Statistically significant raised risks were observed for other cancers among the offspring of mothers and fathers exposed to textile dust at periconception (mothers: OR 1.81, 95% CI 1.28 to 2.55; fathers: OR 2.02, 95% CI 1.23 to 3.31). These risks were raised but not statistically significantly so at diagnosis (mothers: OR 1.15, 95% CI 0.58 to 2.28; fathers: OR 1.62, 95% CI 0.82 to 3.18). The children of the 22 case fathers and 45 case mothers exposed at periconception were diagnosed with a wide range of solid tumours. Of note, were seven cases of Hodgkin’s disease (HD) in the offspring of exposed case mothers, which over represented this tumour (15.6%, 7/45) compared to the distribution in the entire set of cases (8%, 117/1414). The majority of mothers of exposed cases (76%) and controls (67%) were classed as “sewing machinists, menders, darners, and embroiderers”.

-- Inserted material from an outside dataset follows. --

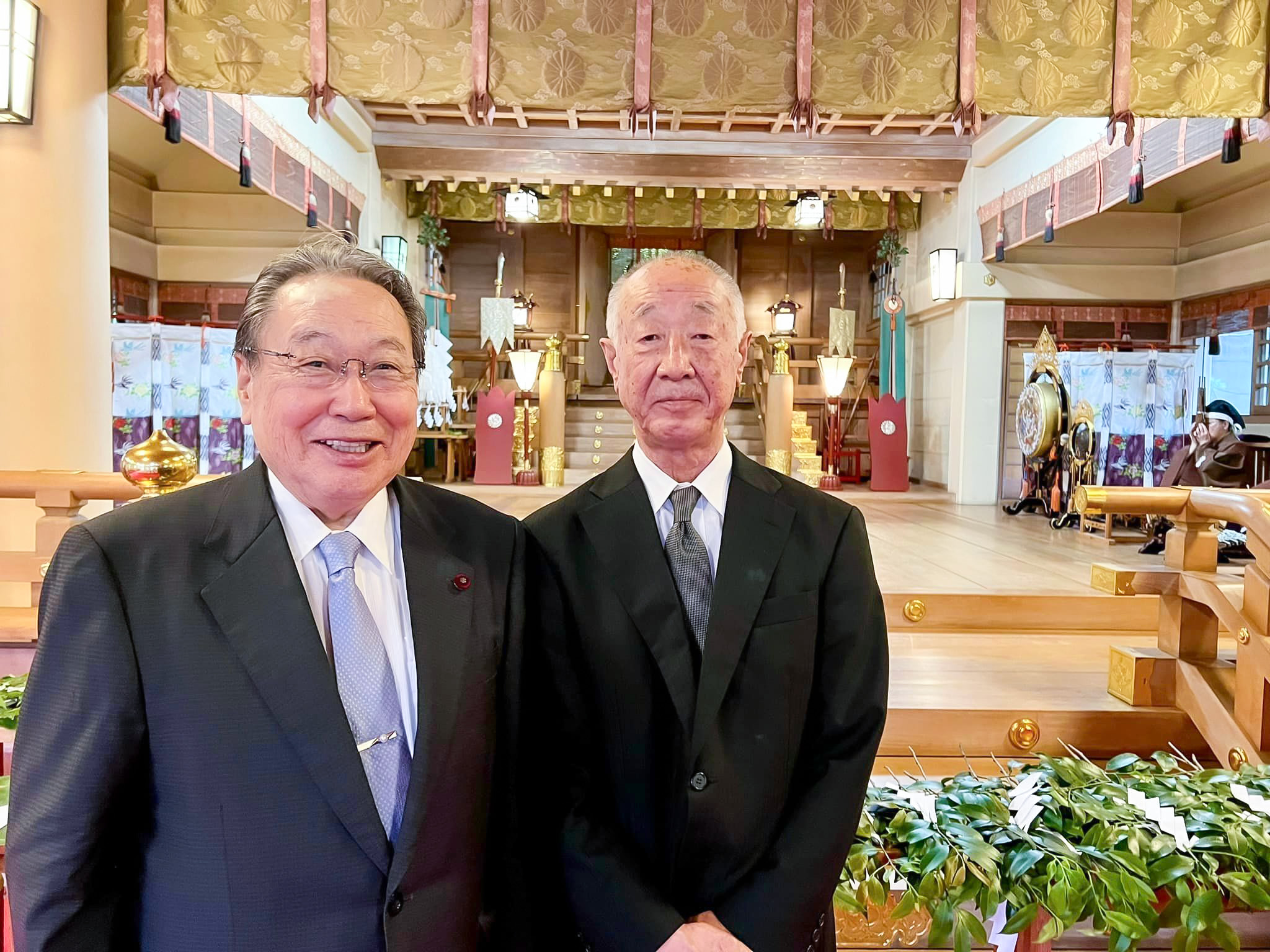 ホーム>政党・政治家>三上 洋右 (ミカミ ヨウスケ)>豊平神社のお祭りに猿賀神社の山谷宮司にお詣り頂きました。

At the outset of the UKCCS, specific aetiological hypotheses were proposed for factors within this investigation: namely, childhood cancer may be caused by exposure to ionising radiation or hazardous chemicals, either of the child during pregnancy or by exposure of the parental germ cells before the child’s conception. This paper presents the results for parental occupational exposures at periconception (in general, statistically significant excesses/deficits associated with exposure at periconception were also present for exposures at birth). The a priori hypotheses are considered first and the statistically significant associations are reported and discussed in the context of the published literature and their plausibility.

Ionising radiation

No increased risk of any type of childhood cancer was associated with parental periconception occupational exposure to ionising radiation. The findings fail to support the paternal preconception irradiation hypothesis suggested by Gardner and colleagues,19 but are consistent with those of Draper and colleagues,20 Roman and colleagues,21 and Doll and colleagues.22


No association with leukaemia following paternal exposure to solvents2,23 was observed.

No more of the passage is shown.